The analysis by Columbia University social media researcher Jonathan Albright of more than 36,000 tweets sent by Russian accounts showed that obscure or foreign news sources played a comparatively minor role, suggesting that the discussion of “fake news” during the campaign has been somewhat miscast.

Albright’s research, which he said is the most extensive to date on the news links that Russians used to manipulate the American political conversation on Twitter, bolsters observations by other analysts. Clinton Watts, a former FBI agent and disinformation expert from the Foreign Policy Research Institute in Philadelphia, said that by linking to popular news sources, the Russians enhanced the credibility of their Twitter accounts, making it easier to manipulate audiences.

“The Kremlin, they don’t need to create a false narrative. It’s already there,” he said. “You’re just taking a narrative and elevating it.”

Some well-chronicled hoaxes reached large audiences. But Russian-controlled Twitter accounts, Albright said, were far more likely to share stories produced by widely read sources of American news and political commentary. The stories themselves were generally factually accurate, but the Russian accounts carefully curated the overall flow to highlight themes and developments that bolstered Republican Donald Trump and undermined his Democratic rival Hillary Clinton.

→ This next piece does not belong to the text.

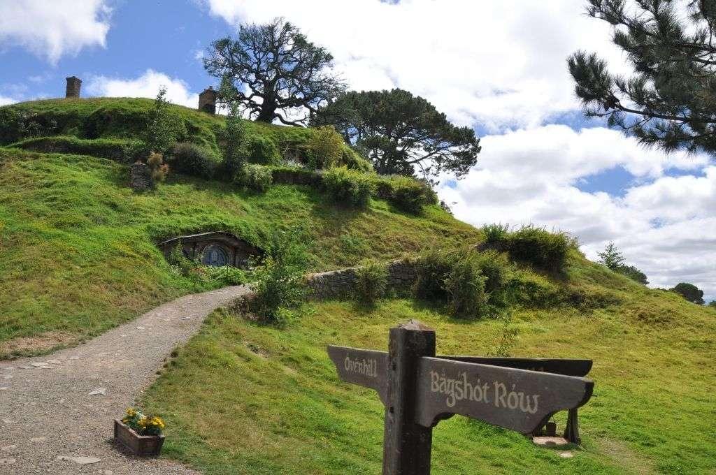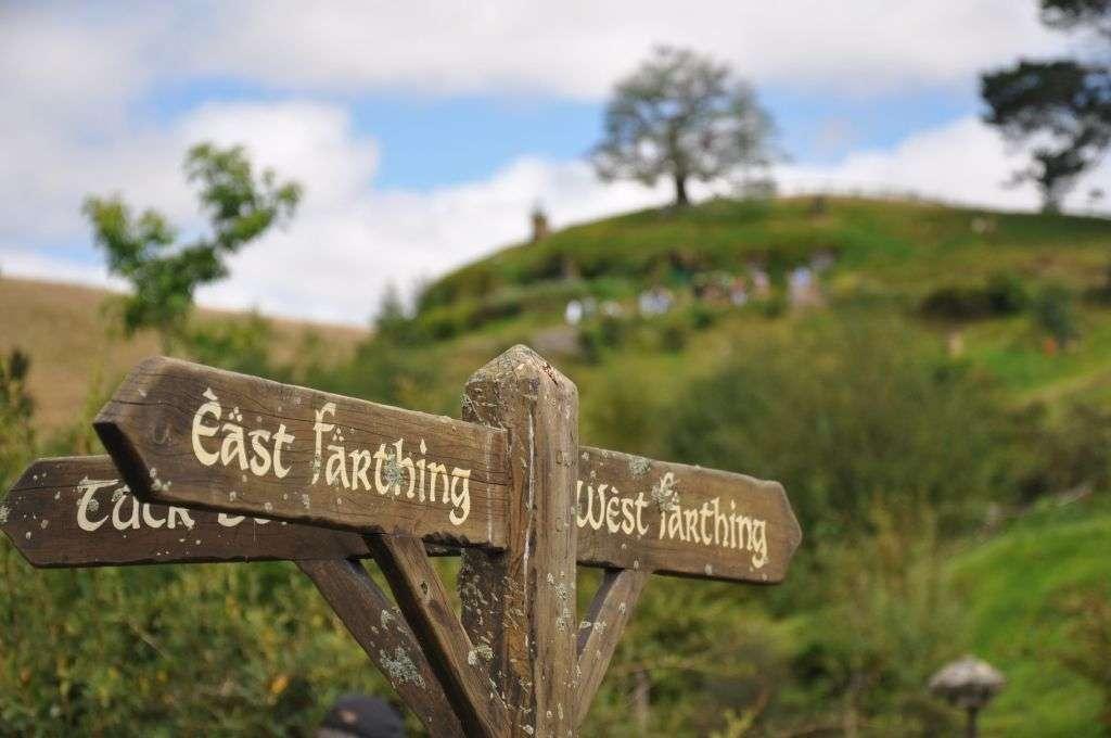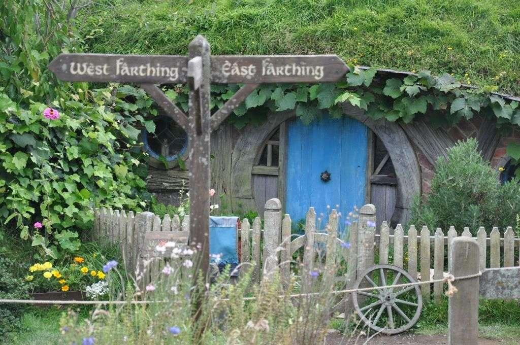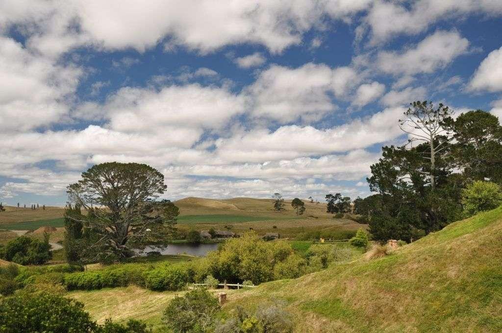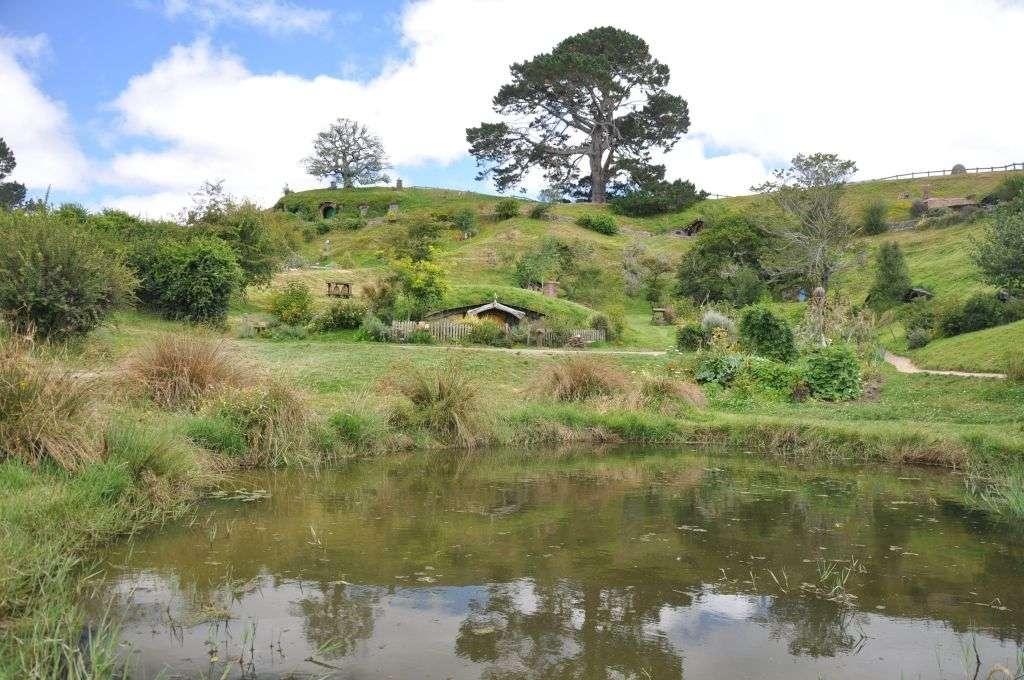 Podjeżdżamy do Hobbitonu. Osada powstała w 1999 roku na potrzeby tolkienowskiej trylogii. Podobno Peter Jackson (reżyser adaptacji filmowej Władcy Pierścieni) osobiście jeździł po okolicy, poszukując odpowiedniego miejsca do realizacji filmu. Szukał takiego miejsca, gdzie między innymi w tle nie znajdzie się żadne zabudowanie, które trzeba będzie następnie usuwać komputerowo. W końcu na północnej wyspie trafił na teren jednego z farmerów – pofałdowane łąki wyglądały bardzo malowniczo i spełniały wszystkie kryteria.

Among the tweets Albright studied, the most common links were to Breitbart News, followed by The Washington Post and the San Francisco Chronicle. The list of the top 25 linked sites had a conservative bent, with the Daily Caller, Fox News and the Gateway Pundit appearing. Also popular, though not in the top 25, were direct links to a page collecting online donations for Trump’s campaign.

. . .

The tactic of linking to credible news stories also allows the occasional promotion of outright falsehoods from obscure sites, which followers of an account may accept more readily after weeks or months of linking to more familiar news sources, said several researchers. They also said that pushing content on Twitter can affect its prominence on other platforms.

Albright’s research does not make clear whether the tweets he studied came from “trolls,” which are humans working to push selected themes, or “bots,” which are computerized accounts that echo or respond to others, or some combination of the two.